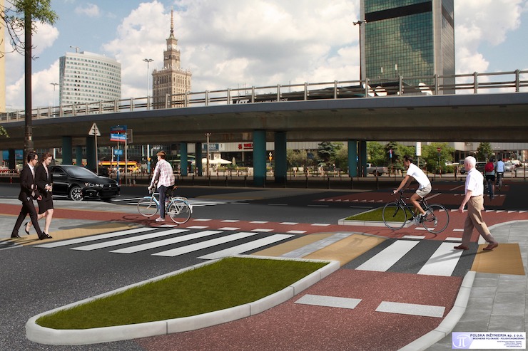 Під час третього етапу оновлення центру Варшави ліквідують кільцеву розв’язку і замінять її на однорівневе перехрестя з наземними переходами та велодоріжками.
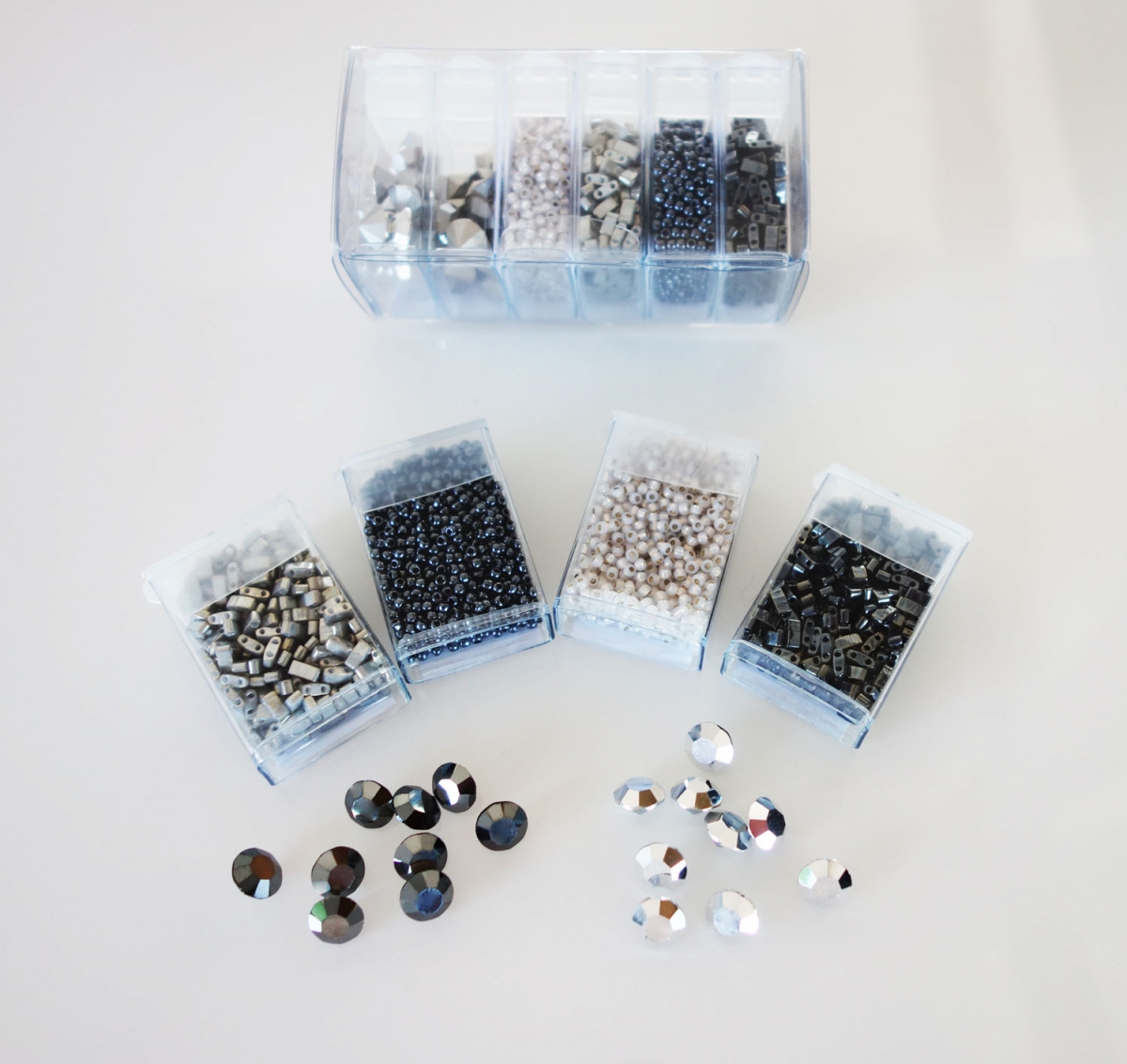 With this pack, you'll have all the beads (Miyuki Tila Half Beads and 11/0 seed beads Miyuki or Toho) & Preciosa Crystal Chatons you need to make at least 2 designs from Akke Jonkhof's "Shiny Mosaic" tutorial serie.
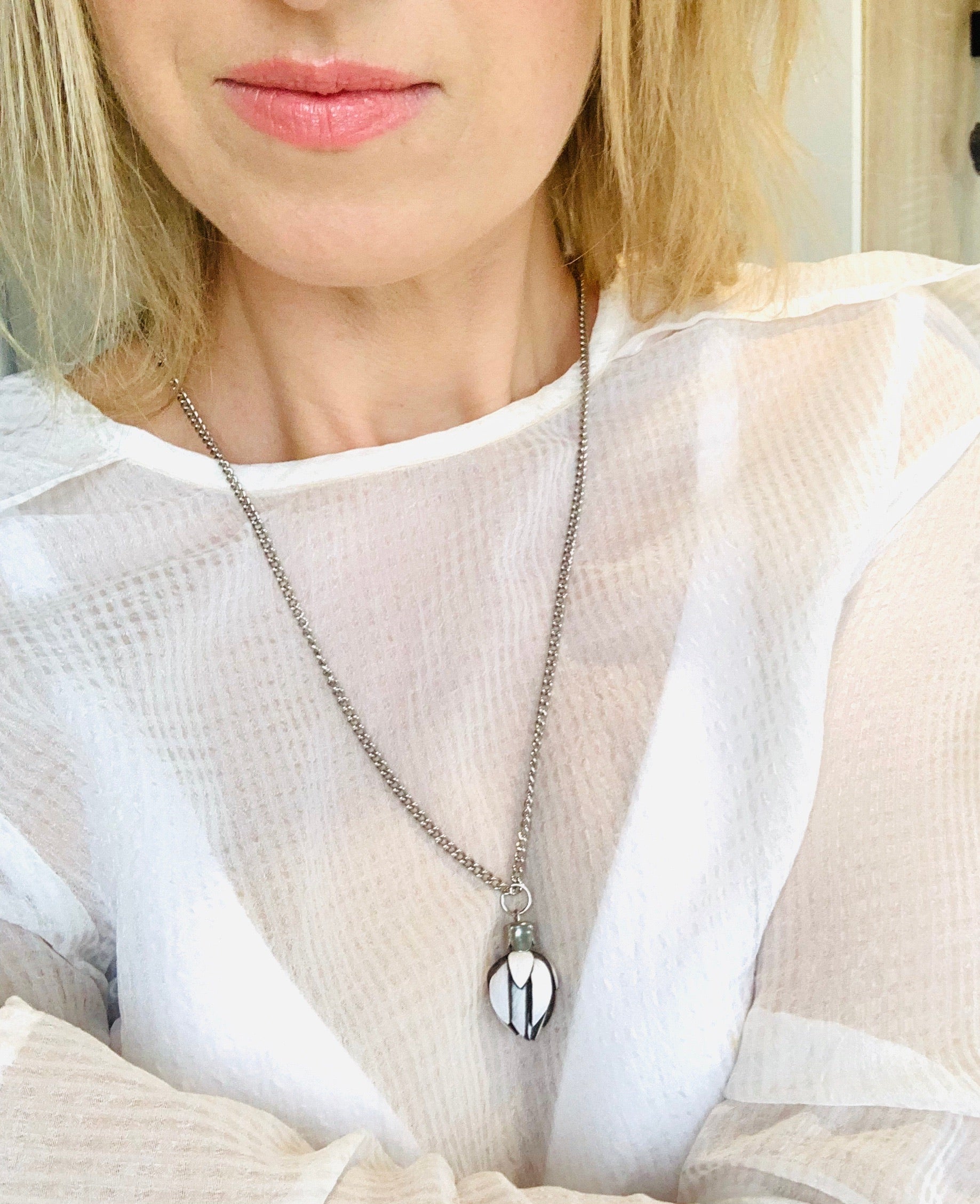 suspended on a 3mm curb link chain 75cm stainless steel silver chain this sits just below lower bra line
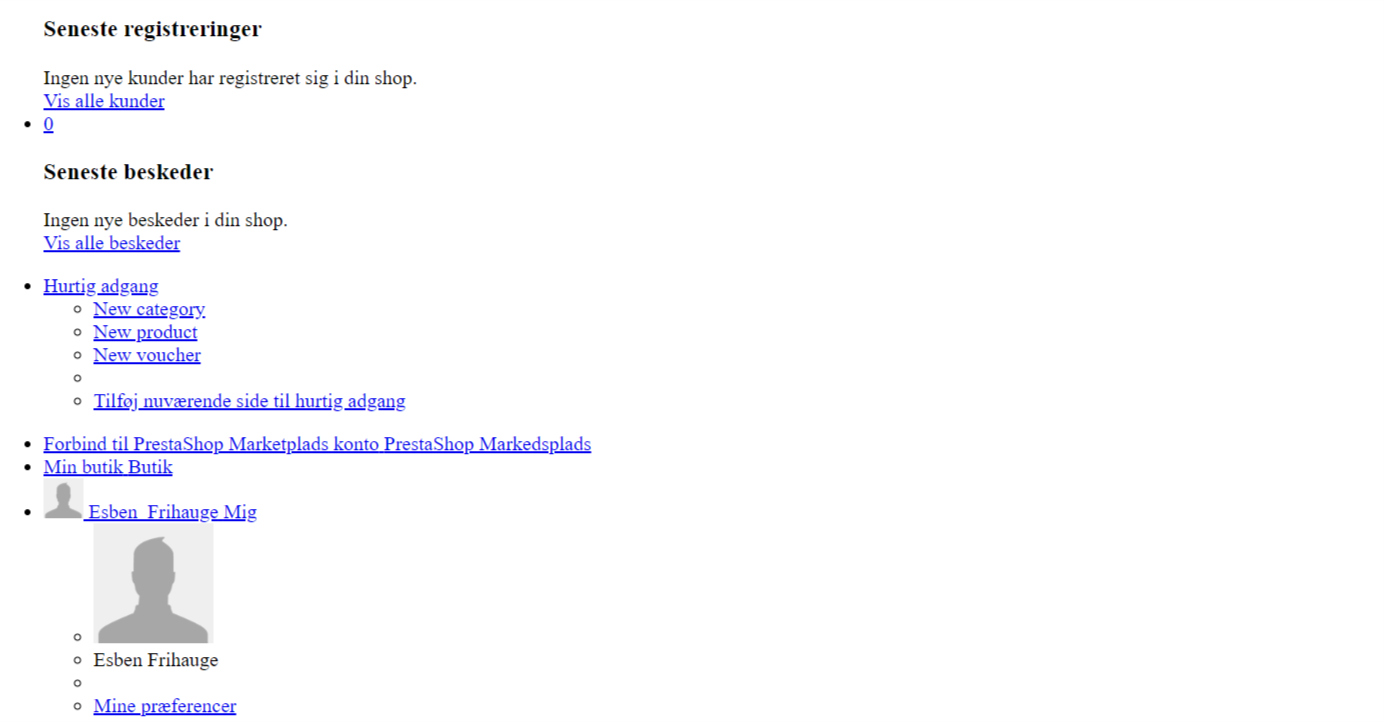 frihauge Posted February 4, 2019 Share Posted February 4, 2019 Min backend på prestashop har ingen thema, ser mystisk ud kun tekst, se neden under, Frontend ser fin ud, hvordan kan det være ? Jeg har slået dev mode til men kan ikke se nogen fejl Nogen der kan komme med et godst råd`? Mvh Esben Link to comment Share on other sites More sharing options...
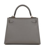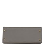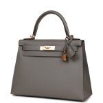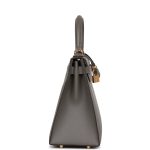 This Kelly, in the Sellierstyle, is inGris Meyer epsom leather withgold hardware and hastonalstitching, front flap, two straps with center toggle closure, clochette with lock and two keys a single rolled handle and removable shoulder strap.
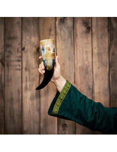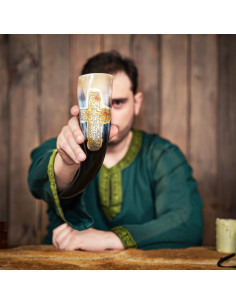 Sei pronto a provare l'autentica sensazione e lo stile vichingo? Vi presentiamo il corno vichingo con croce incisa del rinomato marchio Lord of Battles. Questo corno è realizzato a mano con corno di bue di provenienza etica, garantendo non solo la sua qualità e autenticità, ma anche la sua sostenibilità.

— Task details —
Copy out the whole listing exactly. Skip its pictures.

— Exercise result —
 Під час третього етапу оновлення центру Варшави ліквідують кільцеву розв’язку і замінять її на однорівневе перехрестя з наземними переходами та велодоріжками.
 With this pack, you'll have all the beads (Miyuki Tila Half Beads and 11/0 seed beads Miyuki or Toho) & Preciosa Crystal Chatons you need to make at least 2 designs from Akke Jonkhof's "Shiny Mosaic" tutorial serie.
 suspended on a 3mm curb link chain 75cm stainless steel silver chain this sits just below lower bra line
 frihauge Posted February 4, 2019 Share Posted February 4, 2019 Min backend på prestashop har ingen thema, ser mystisk ud kun tekst, se neden under, Frontend ser fin ud, hvordan kan det være ? Jeg har slået dev mode til men kan ikke se nogen fejl Nogen der kan komme med et godst råd`? Mvh Esben Link to comment Share on other sites More sharing options...
 This Kelly, in the Sellierstyle, is inGris Meyer epsom leather withgold hardware and hastonalstitching, front flap, two straps with center toggle closure, clochette with lock and two keys a single rolled handle and removable shoulder strap.
 Sei pronto a provare l'autentica sensazione e lo stile vichingo? Vi presentiamo il corno vichingo con croce incisa del rinomato marchio Lord of Battles. Questo corno è realizzato a mano con corno di bue di provenienza etica, garantendo non solo la sua qualità e autenticità, ma anche la sua sostenibilità.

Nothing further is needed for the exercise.